### Data segment

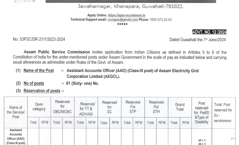 The Assam Public Service Commission (PSC) has published a notification for the recruitment of Assistant Accounts Officer (AAO) vacancies under Assam Electricity crid Corporation Limited (AEGCL). Eligible candidates who are interested in the vacancy details and have completed all eligibility criteria can read the notification & apply online.
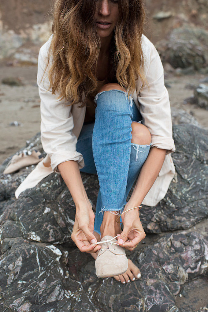 We collaborated with founder Georgia Hobart (nicknamed “Hobes” growing up) to choose two neutral colors and add stripes at the back of the shoe. It’s like a little wink, and looks so cute with a white tee, grey sweatshirt, jeans, whatever you’d like.
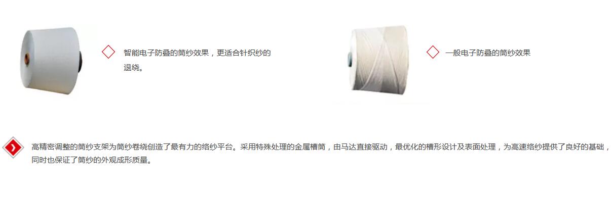 該機型具有先進(jìn)的電子信息技術(shù),智能化控制捻結循環(huán),通過(guò)機、電、儀、氣的一體化設計理念,實(shí)現了符合國家推廣的節能減排,機器人替代人的現代化高端紡機裝備。
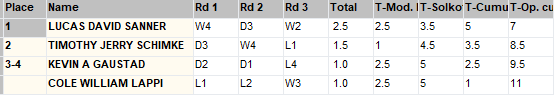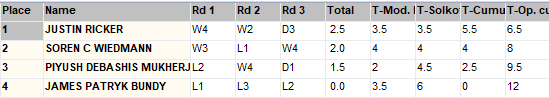 Hi everyone. The results from the February Quads are below. It has been submitted for rating. Thank you to all the players for their patience as I navigated some family issues. And thank you to Dennis for stepping in as Assistant TD. 🙂

######

# Directions for this task:
Retype nothing except the lines from the first line of the listing above through the line with "該機型具有先進(jìn)的電", exactly as they stand, and no pictures.

# Result of the task:
 The Assam Public Service Commission (PSC) has published a notification for the recruitment of Assistant Accounts Officer (AAO) vacancies under Assam Electricity crid Corporation Limited (AEGCL). Eligible candidates who are interested in the vacancy details and have completed all eligibility criteria can read the notification & apply online.
 We collaborated with founder Georgia Hobart (nicknamed “Hobes” growing up) to choose two neutral colors and add stripes at the back of the shoe. It’s like a little wink, and looks so cute with a white tee, grey sweatshirt, jeans, whatever you’d like.
 該機型具有先進(jìn)的電子信息技術(shù),智能化控制捻結循環(huán),通過(guò)機、電、儀、氣的一體化設計理念,實(shí)現了符合國家推廣的節能減排,機器人替代人的現代化高端紡機裝備。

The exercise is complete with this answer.